On the sheet he wrote To the kind attention of the Dean.
29
Fabio was waiting for her by the front door, with the lights of the landing, the door, and the sitting room all on. As he took the plastic bag with the tub of ice cream from her hands, he linked his fingers with hers and kissed her on one cheek, as if it were the most natural thing in the world. He said that dress really suits you and he meant it, and then he went back to the stove to get on with cooking dinner, but without taking his eyes off her.
From the stereo came music that Alice didn't recognize, but it wasn't there to be listened to, just to complete a perfect scenario; there was nothing casual about it. Two candles were lit, the wine was already open, and the table was tidily set for two, with the blades of the knives turned inward, which meant that the guest was welcome, as her mother had taught her when she was little. There was a white tablecloth with no wrinkles and the napkins were folded into triangles with the edges perfectly aligned.
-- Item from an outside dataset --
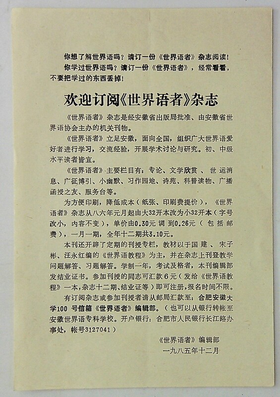 1985年12月《世界语者》编辑部“欢迎订购《世界语者》杂志”

Alice sat down at the table and counted the empty plates stacked on top of one another to work out how much there would be to eat. That evening, before leaving the house, she had spent a long time locked in the bathroom staring at the towels that Soledad changed every Friday. In the marbled-topped chest of drawers she had found her mother's makeup and used it. She had made herself up in the semidarkness, and before running the lipstick over her lips, she had sniffed the tip. The smell hadn't reminded her of anything.
She had allowed herself the ritual of trying on four different dresses, even though it was obvious from the outset, if not from the previous day, that she had already decided on the one she had worn to the Ronconi boy's confirmation, the one that her father had said was the most inappropriate because it left her back uncovered to below the ribs and her arms completely bare.